Kotlin Limitations vs Python

social-media-failThis page will serve as repository of limitations found when attempting to move kotlin code to python code. Some limitations are a natural consequence of moving to static types, others are effectively inherited from Java.

The list here is based on placing those I find most significant at the top, and the further down the list the less significant.

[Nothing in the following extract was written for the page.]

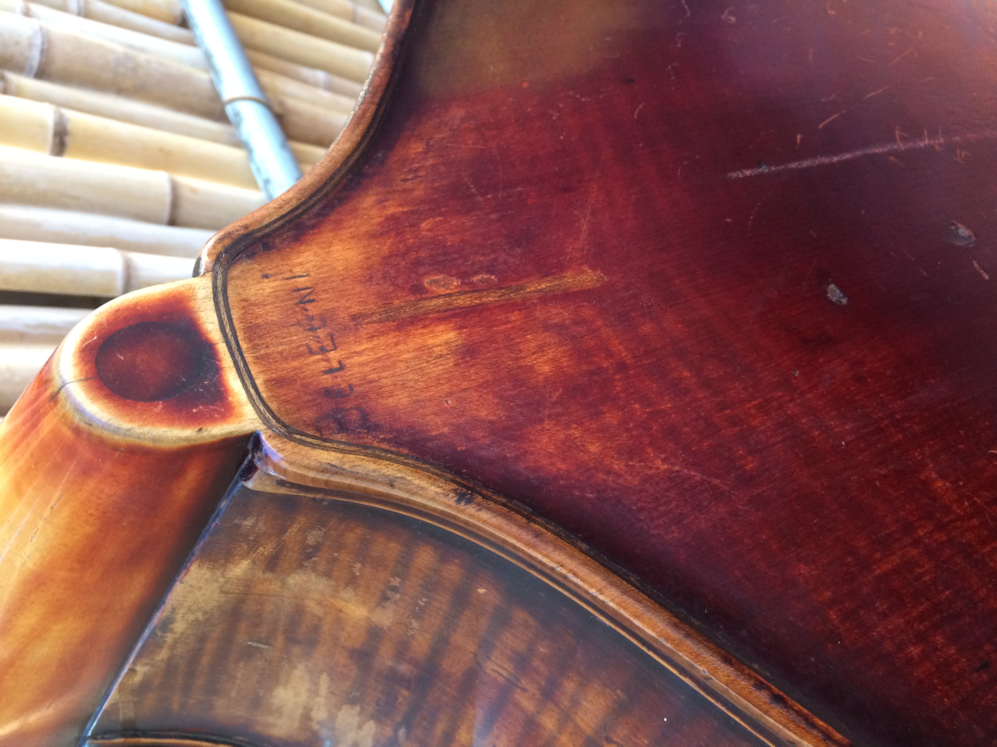 on the neck button it says "Belegni", but I'm guessing that's the name of the luthier who did the restoration here in Buenos Aires, Argentina, many decades ago.....we have tons of Italian sur-names in this city, about 30/40% of the population have Italian ancestors

base class parameter pass through

background

Kotlin, like python, allows for optional parameters, a feature not found in Java.  A consequence of this feature is that libraries with heavily used classes can over time evolve to have a large number of optional parameters in the most heavily used methods.  A larger number of parameters should only occur in code in a language that has optional parameters, as without the parameters being optional, every extra parameter  would introduce overhead on every call.  These methods with a large number of parameters are often frequently used methods, and the goal is that well chosen defaults will mean that most of these optional parameters are only provided in exceptional cases.  While a typical instance of the class may require only 2 or 3 parameters, while there may be as many as 20 to chose from.

To find examples, I simply thought: “what are the most widely used python packages I can think of?”.  The first three that occurred to me to check were sqlalchemy,  attr, and Django, and for each of these I looked for the most basic usage cases I could find. The first examples I found are:

  • sqlalchemy:   Table Class  20 optional parameters (see ‘parameters’)
  • attr: atrr.s() function – 9 optional parameters (see attr.s function)
  • Django: Field class – 22 optional parameters (see __init__)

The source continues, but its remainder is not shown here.